I feel some where humane element is missing or nice collection of thoughts which you can by writing is missed using dictation …secondly probably there is a solution but curious of how do you comment on a response via dictation ?
This transcription is way better than the last time you tried it
Google really has nailed it (I love KitKat’s Touchless Control), but I always feel that how the company nailed it is underappreciated. In 2007, Google released a free (but widely advertised) directory service GOOG-411 across the US. Until its discontinuation in 2010, they used the service to collect immense ammounts of data on how each regional or international accent pronounced the most commonly searched and used english-language words. It’s not a surprise that seven years later (and after millions hours of Android voice-to-text enabled by GOOG-411), that they’ve got the best detection out there.Page and Schmidt continue to suggest Google is, at its core, a machine learning company. But the company is very effective at driving user behavior that will speed up this learning (or supplement it where needed). ReCaptcha is another great example, as Google silently uses it to transcribe unclear text from its Google Books Library Project, rather than just to “make sure you’re human”. These are great bets, made well in advance of real day-to-day adoption.
Since you’re in Middletown, you should check out Tschudin Chocolates and First & Last Tavern. They’re right next to each other… so good.
The real First & Last is in Hartford π
Fred, there is a lady on the apple store on 14th, I had her card at some point, she has hearing limitations and she is hired there with the sole purpose of helping others with accessibility limitations. She knows all the ins an out of dictation, she can speak into the phone and do paragraph formatting and punctuation all with voice only.She is truly remarkable. Since you are in the neighborhood, you should stop by and say hi to her. It helps that she is a sweetheart to talk to.

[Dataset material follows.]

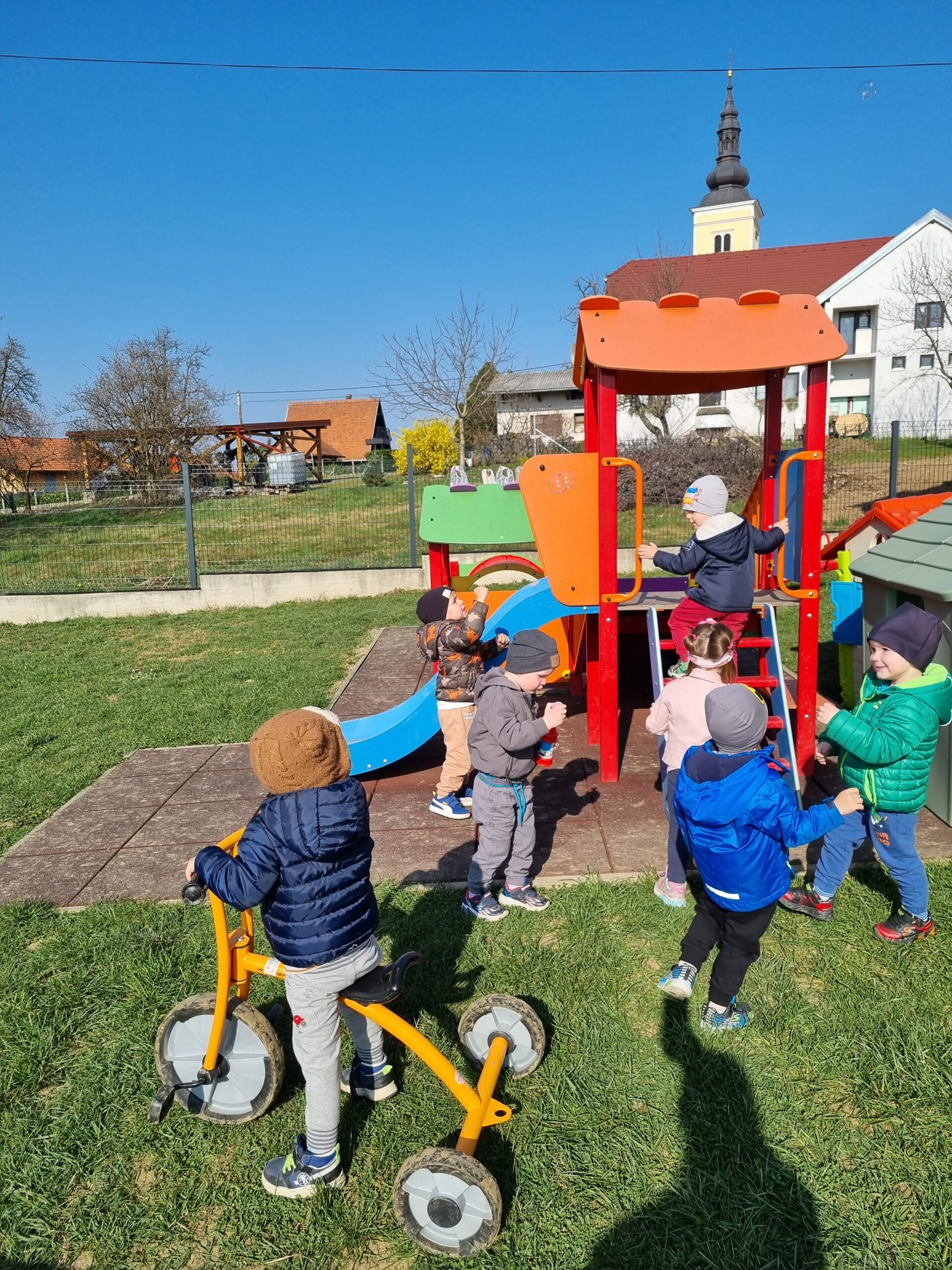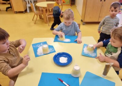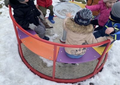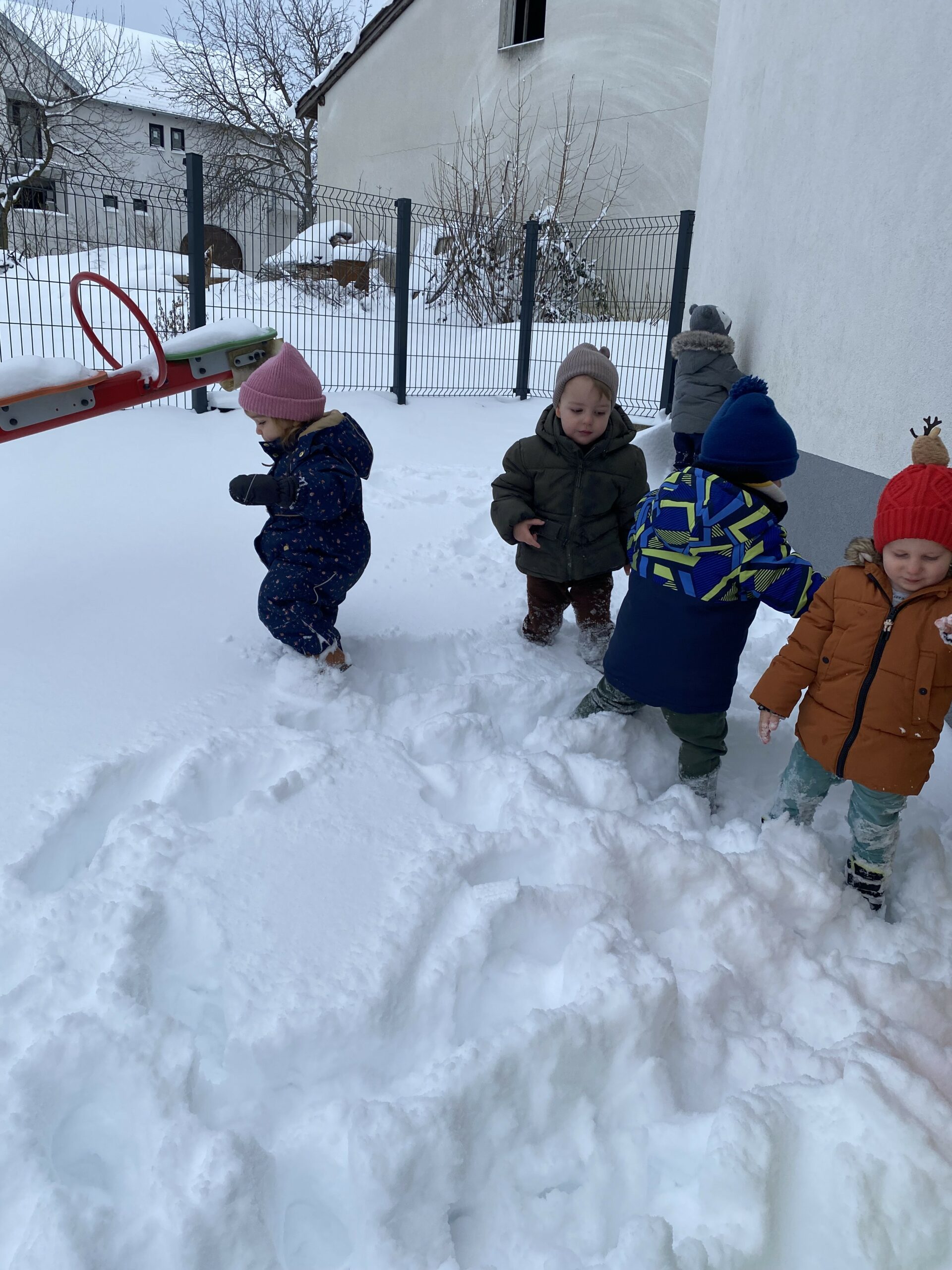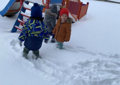 Stigao nam je i prvi ovogodišnji snijeg, a s njim i mnogo veselja. Iskoristili smo ga za igru na otvorenom i istraživanje zimskih radosti. Kada nam vrijeme dopusti, odlazimo i u naše redovite šetnje na svježem zraku, što djecu posebno opušta i veseli.

I did the same thing one time when I forgot I needed to do a blog post and I’d just boarded a plane and had about 5-10 minutes before take off. Worked almost exactly the same as your post.I’ve occasionally wondered why I don’t use it more since it worked so well. I think part of it goes back to what Seth said, but I extend his idea by saying that typing speed is closer to my thinking speed. So, the time spent typing is used for me to formulate my next thought. Speaking goes so fast that your thinking can’t keep up. At least for me.

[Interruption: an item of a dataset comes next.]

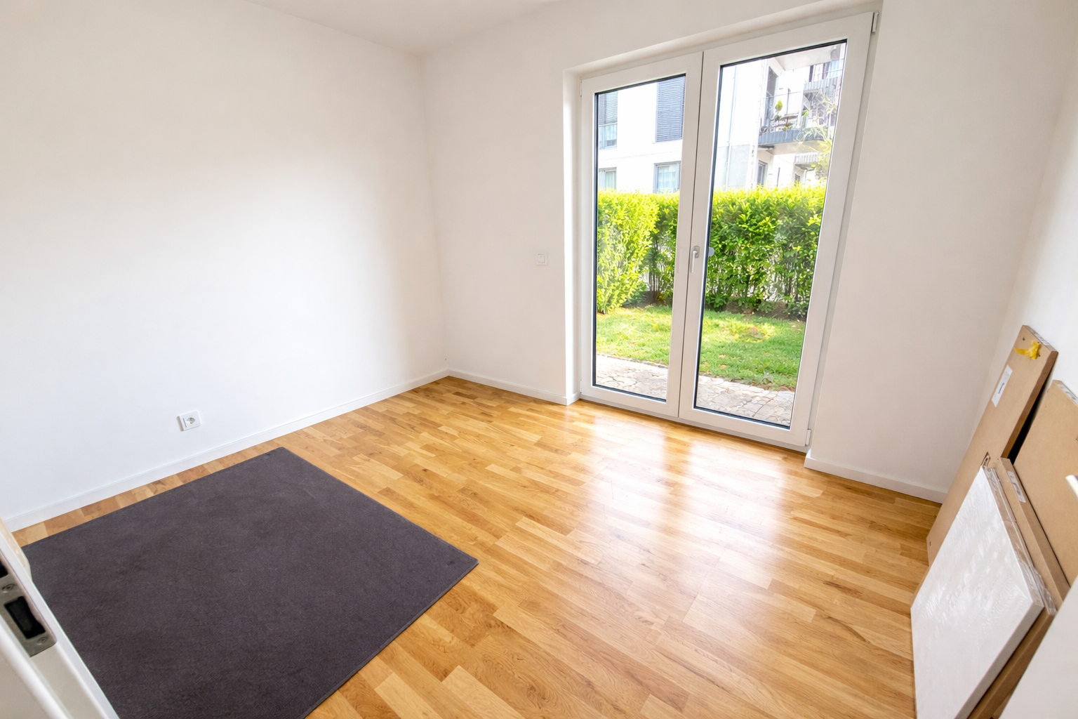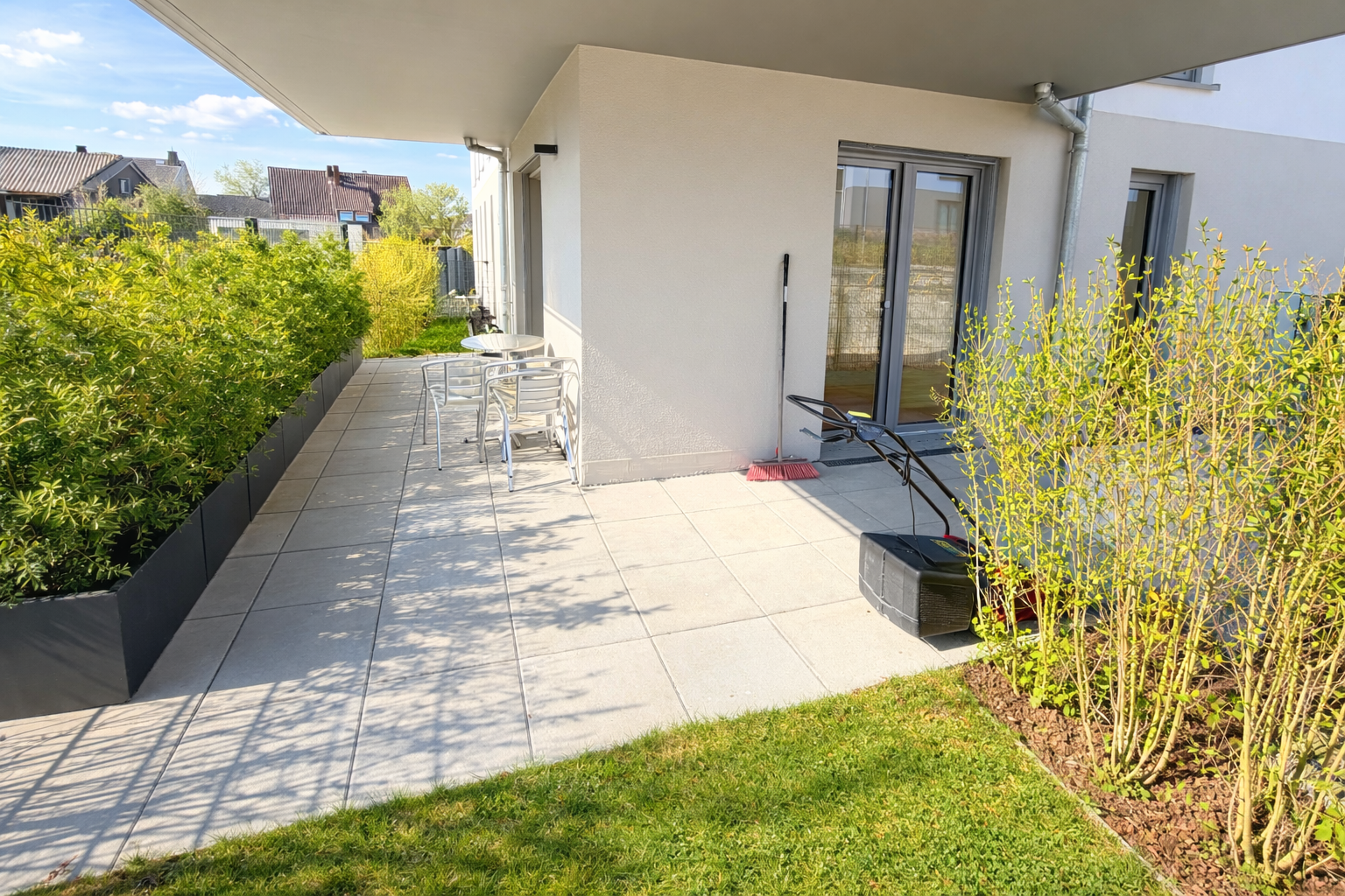 Vom Wohnzimmer aus gelangen Sie direkt auf die großzügige Terrasse mit eigenen Gartenanteil, der zusätzlichen Raum zum Entspannen im Freien bietet und den Wohnkomfort deutlich erhöht.

The progress in voice recognition is admirable. If you have iPhone, try the Google app.
I’ve thought for a while that an interesting startup idea would be for a conference call service with voice recognition note taking. Multiple people dial in, each person agrees to have their conversation recorded, voice recognition creates text notes along with who said what, and the whole thing is archived online where each participant can access it in the future. The text notes would be searchable and allow you to jump to that point in the audio recording. Free service to store a certain number of minutes. Pay to unlock more storage, more callers, etc. Voice recognition is probably good enough now to make the archive / search useful, even if not perfect.
I think after reading all these comments i would love to see what it wiuld be like to have had ust voice comments.